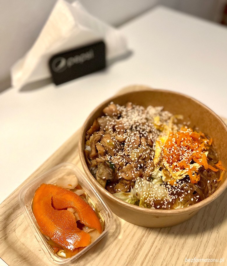 Poprosiłem o to samo co pół roku temu czyli Soy Chicken Cupbop (23 PLN), lecz tym razem zjadłem w lokalu, a nie w domu. Niestety przez wzgląd na zapachy smażonego oleju, konsumpcja w środku nie należy do najmilszych. Polecam zabrać strawę na wynos lub jeśli pozwala na to temperatura, zjeść przy stoliku na zewnątrz.
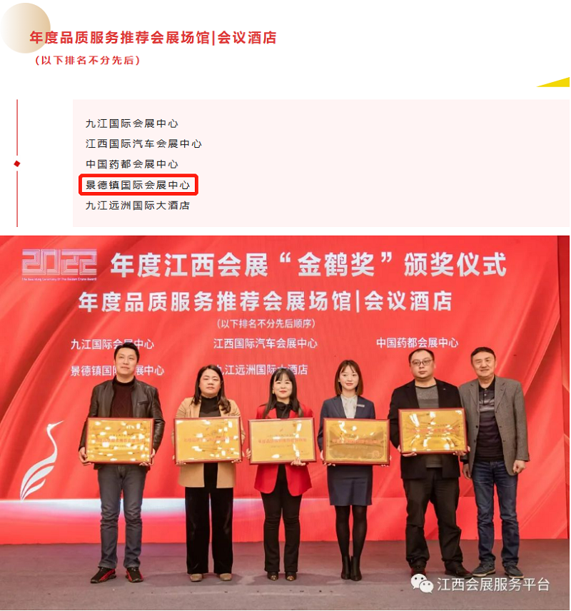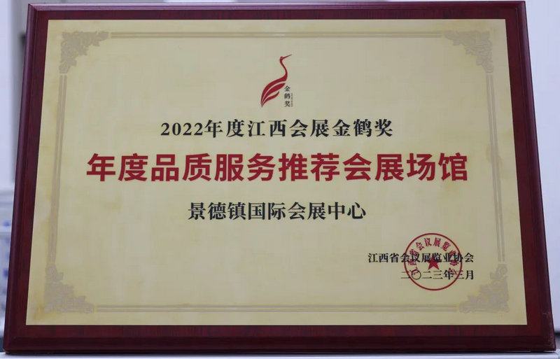 近日,在2022年度江西會展“金鶴獎”評選活動中,景德鎮陶博城國際會展中心榮獲“年度品質服務推薦會展場館”稱號。
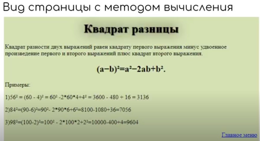 Целью проекта «Системы устного счета» (руководители Сергей Игоревич Никифоров и Сергей Николаевич Сергеев) была попытка спроектировать и создать компьютерную среду для обучения школьников быстрому счету без использования счетных устройств. В качестве основного математического инструмента использовались формулы сокращенного умножения. В качестве среды разработки применялся Python.
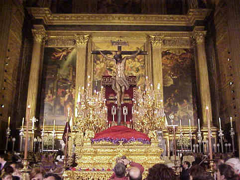 El Cristo del Amor frente al altar ,la Virgen del Socorro a su izquierda
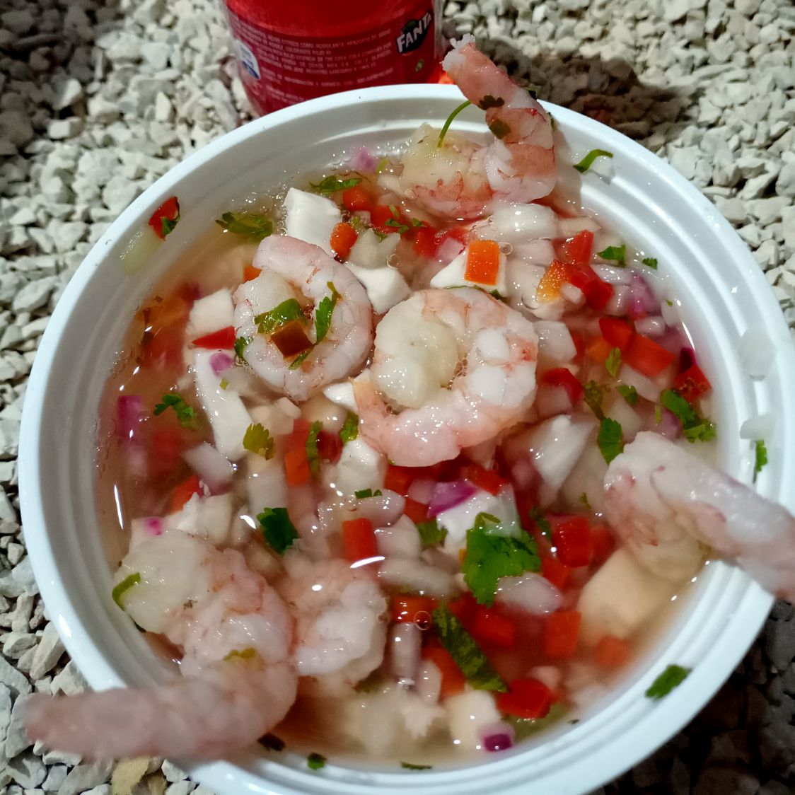 Camaranos culticados en la tradicional receta Costarricense ceviche especial
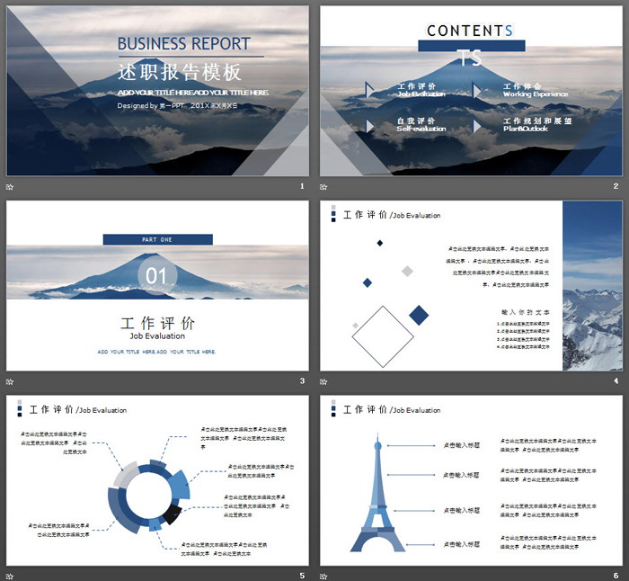 关键词:蓝天白云、山峰、高山PowerPoint背景图片,蓝色扁平化幻灯片图表,动态个人述职报告PPT模板,.PPTX格式;
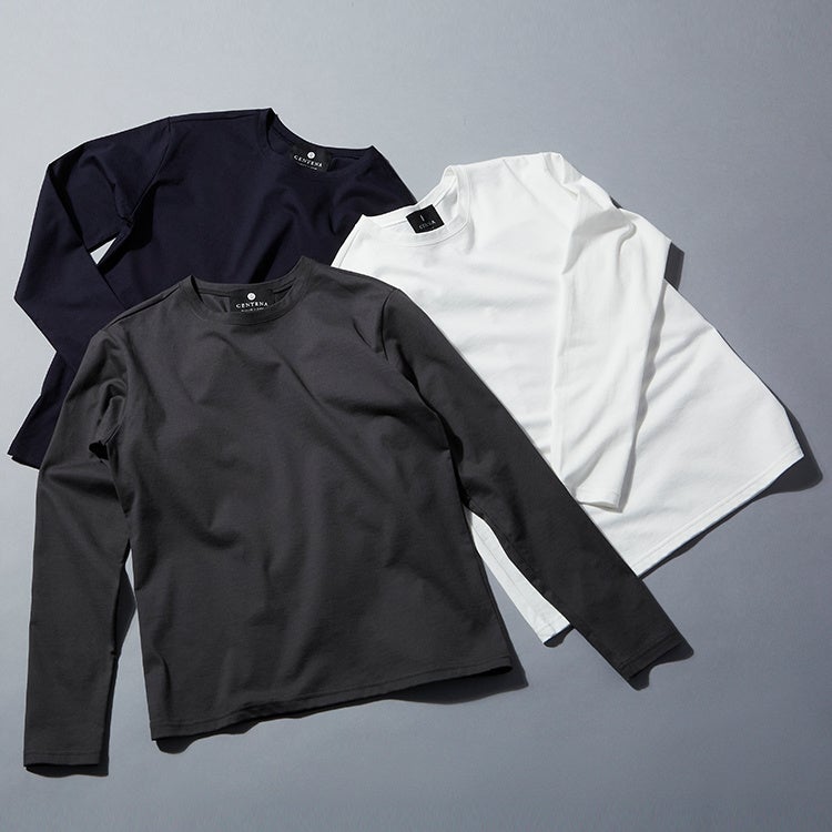 「首・胸・肩・腕」をキレイに魅せる!ラインの美しさと最高品質を追求した、大人のための長袖Tシャツ。なめらかでいてしっかりとした厚手の生地は着心地よく、シンプルな着こなしでもお洒落で上質感が伝わる優れもの。
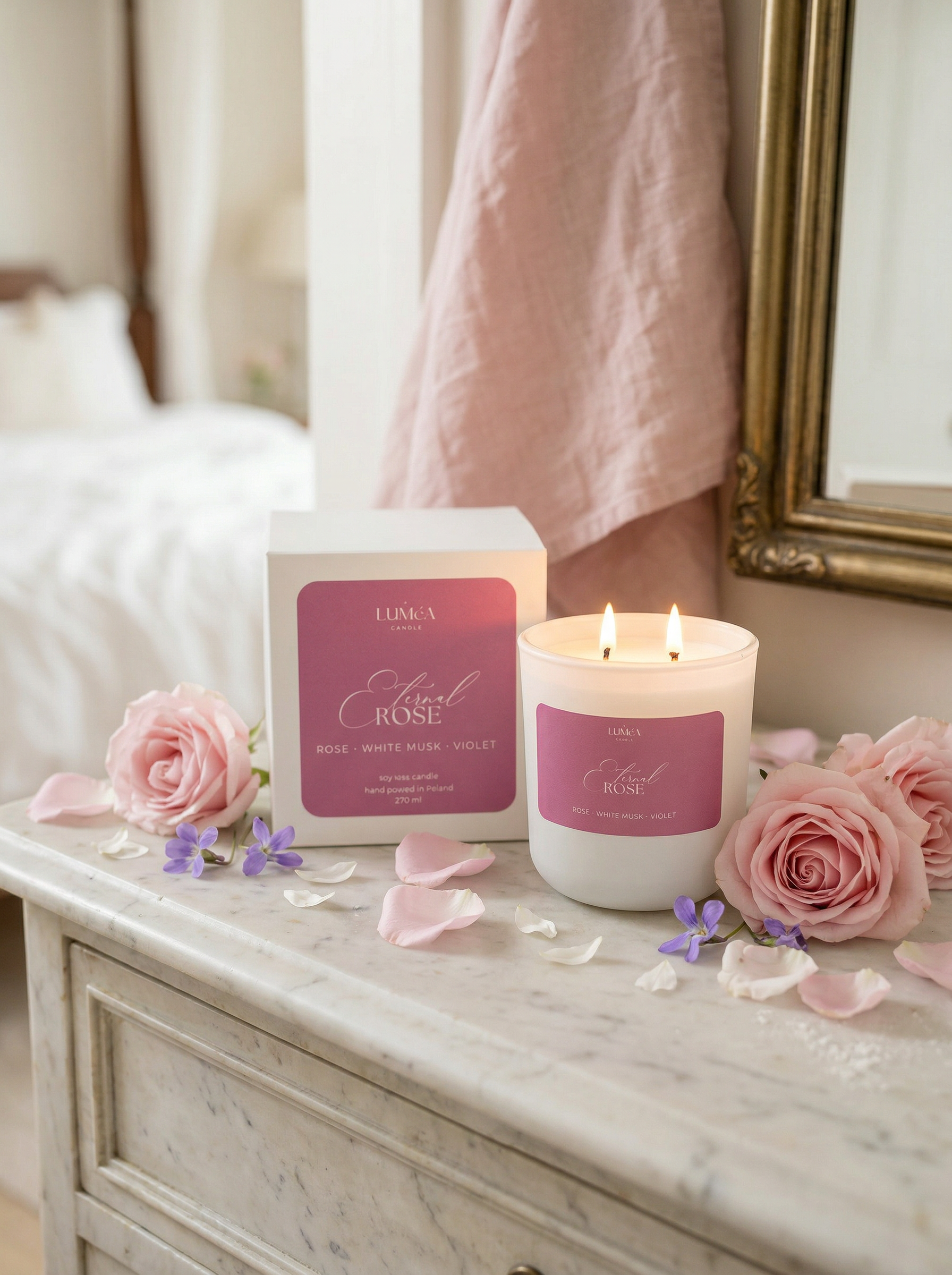 Eternal Rose– sojowa świeca Luméa Candle o aromacie róży, białego piżma i fiołków

Problem -
Everything from the line containing "关键词:蓝天白云、山峰、高山" to the last line of the listing above must be reproduced exactly, with no pictures included.

Task result -
 关键词:蓝天白云、山峰、高山PowerPoint背景图片,蓝色扁平化幻灯片图表,动态个人述职报告PPT模板,.PPTX格式;
 「首・胸・肩・腕」をキレイに魅せる!ラインの美しさと最高品質を追求した、大人のための長袖Tシャツ。なめらかでいてしっかりとした厚手の生地は着心地よく、シンプルな着こなしでもお洒落で上質感が伝わる優れもの。
 Eternal Rose– sojowa świeca Luméa Candle o aromacie róży, białego piżma i fiołków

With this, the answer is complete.